O3. Rehat

487 40 1
                                    

Hanya Pond yang bisa dibuat begini oleh Phuwin. Hanya Pond yang bisa!

Karena mau berapa kali Phuwin mencoba membuat janji temu dengan orang lain, melakukan kencan sore hari, mendeklarasikan apa yang dia rasakan dan berakhir minimal kena tampar, hanya Pond yang tetap bertahan dalam kesenangan maupun kehancuran perasaan Phuwin di waktu setelahnya.

Seperti malam hari ini.

Pond sedang merebahkan diri di atas kasur milik Phuwin. Dengan fokus mata pada layar handphone, sesekali tersenyum kemudian tertawa sebelum kembali menscroll ulang untuk mencari bahan hiburan baru.
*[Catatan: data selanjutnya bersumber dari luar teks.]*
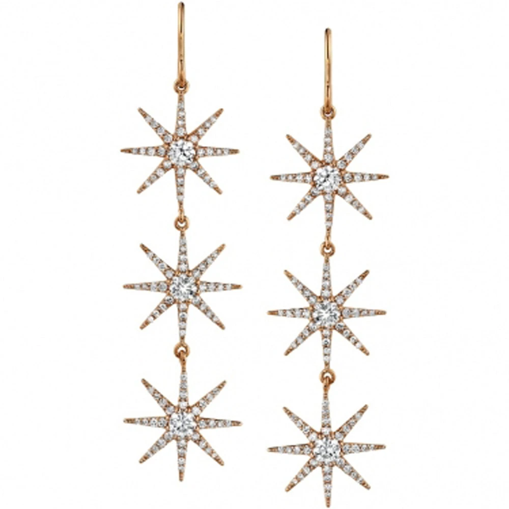 These “Kerry Star” earrings make the perfect piece to add glam. Full of style and elegance, this pair of earrings feature three eight pointed stars that dangle down like a chandelier. Each starburst holds a single genuine white diamond center that is surrounded by even more diamond accents!

"Apa handphonenya sangat menarik? Apa aku tidak menarik? Apa aku benar-benar tidak menarik?" 

Phuwin mendusal. Menjatuhkan tubuhnya tepat di atas tubuh sang pacar yang kemudian merespon dengan meletakkan salah satu tangannya di punggung Phuwin. Mengelus-elus pelan.

"Pond aku ingin dicium sampai wajahku basah." Phuwin lagi-lagi mencari perhatian. Sengaja merangkak lebih naik hingga wajahnya benar-benar di atas wajah Pond yang kemudian menatapnya. Penuh selidik sehingga satu kerutan muncul di dahi membuat Phuwin mendengus.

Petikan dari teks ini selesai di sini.